Stage 3: MFA Bypass and Account Takeover
Many organisations assume multi-factor authentication (MFA) is sufficient. It is necessary but not sufficient on its own.
Modern attacks use adversary-in-the-middle (AiTM) phishing, which:
- Mimic legitimate login pages
- Capture credentials and authentication responses
- Steal session tokens once access is granted
These techniques can bypass traditional MFA controls in real time, allowing attackers to access systems as if they were a legitimate user.

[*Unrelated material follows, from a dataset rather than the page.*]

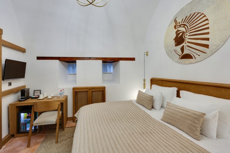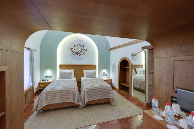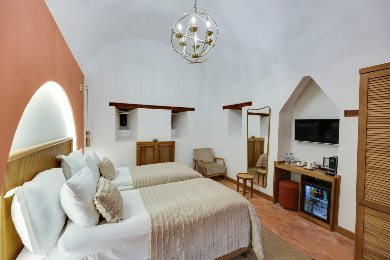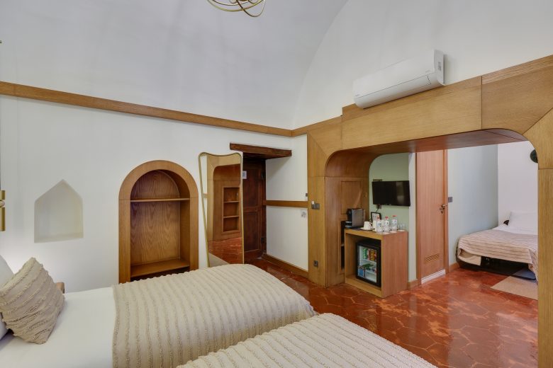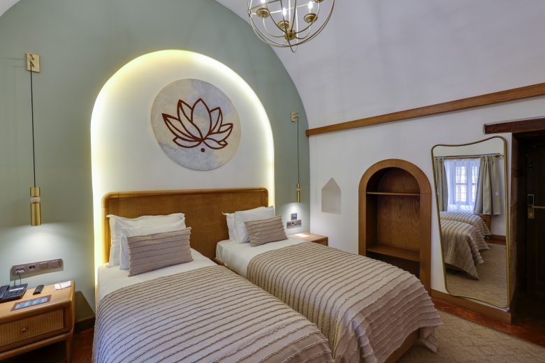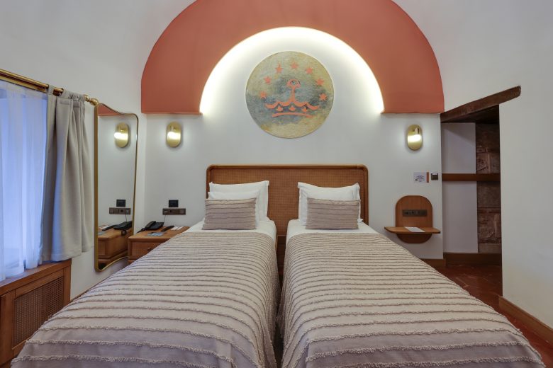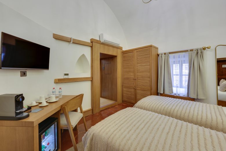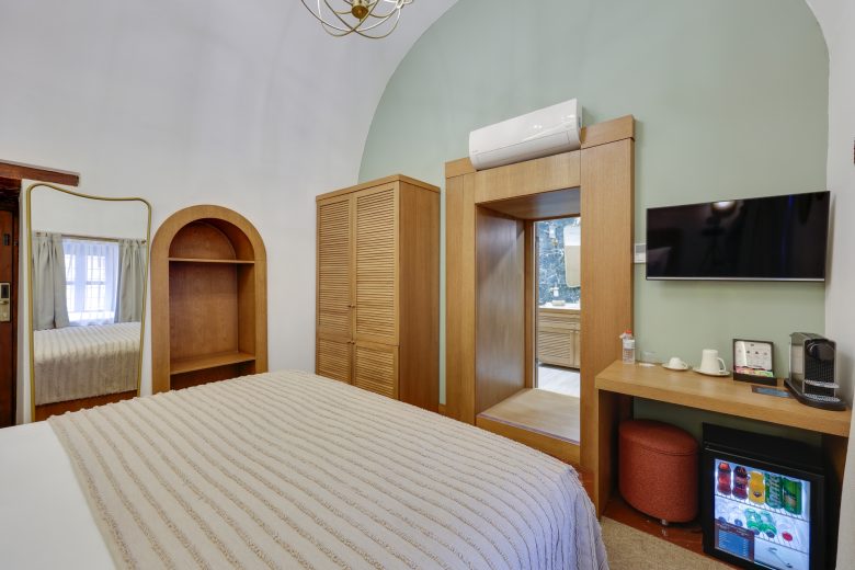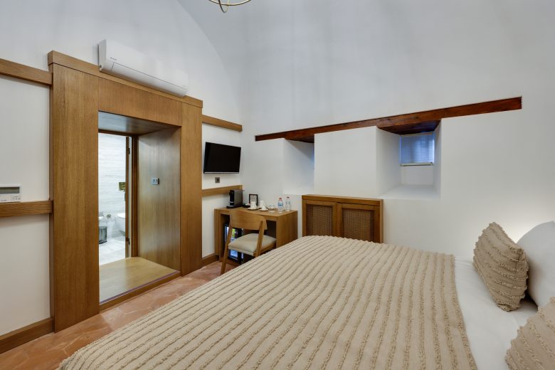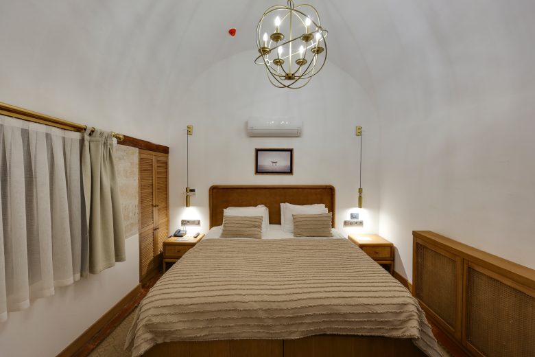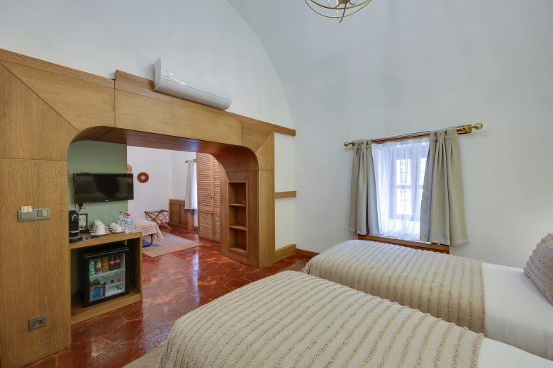 Odamız çift kişilik oda konseptindedir. 15m2’lik oda hacmine ek olarak 6.5m2’lik banyo & tuvalet hacmi bulunmaktadır. Odanın zemini orijinal haliyle korunmuş olup köşeli tuğladan yapılmıştır. …

Stage 4: Persistence and Internal Visibility
Once access is achieved, attackers do not act immediately. Instead, they:
- Create inbox forwarding rules
- Monitor finance, supplier, and project communications
- Identify insurance limits and cash flow
This “dwell time” is critical. It allows attackers to:
- Set a ransom that is likely to be paid
- Time the attack for maximum operational disruption
Stage 5: Encryption and Business Disruption
Ransomware is typically deployed:
- Out of hours or late in the working week
- When key staff are unavailable
- When response time will be delayed
The impact is immediate:
- Files and systems become inaccessible
- Operations halt
- A ransom demand is issued
For UK organisations, the consequences extend far beyond the ransom itself. The average cost of a significant cyber attack is close to £195,000 when downtime, recovery, and legal obligations are included.
Five Controls That CWould Have Prevented the Attack
The most important takeaway for UK organisations is this:
The controls to help prevent these attacks are typically already available within existing platforms.
1. Enforced Password Hygiene and Breach Detection
- Block known compromised passwords
- Enforce unique credentials
- Use password managers
This removes the value of purchased or reused credentials.
2. Phishing-Resistant Authentication
Standard MFA is not enough.
Organisations should adopt:
- Passkeys or FIDO2 hardware keys
- Windows Hello for Business
- Conditional access based on device compliance
These measures significantly reduce the effectiveness of AiTM attacks.
3. Restriction of Email Forwarding Rules
Block automatic forwarding to external inboxes at tenant level.
This prevents attackers from silently observing communications and extracting intelligence.
4. Active Monitoring of Security Alerts
Most organisations already generate alerts but do not act on them.
For example:
- New inbox rules
- Suspicious sign-ins
- Unusual access patterns
The issue is not tooling. It is visibility and ownership.
5. Controlled Exposure of Sensitive Roles
Public-facing team information should be reviewed.
Oversharing role responsibilities (e.g. “handles payroll and payments”) increases targeting risk.
This is a governance issue not a technical one.
Three Questions Every Board Should Ask
To reduce ransomware risk quickly, leadership teams should ask:
- Are we using phishing-resistant authentication for privileged and finance accounts?
- Is external email forwarding restricted across Microsoft 365?
- Are security alerts actively reviewed and acted upon?
These questions align directly with common failure points in UK breach investigations.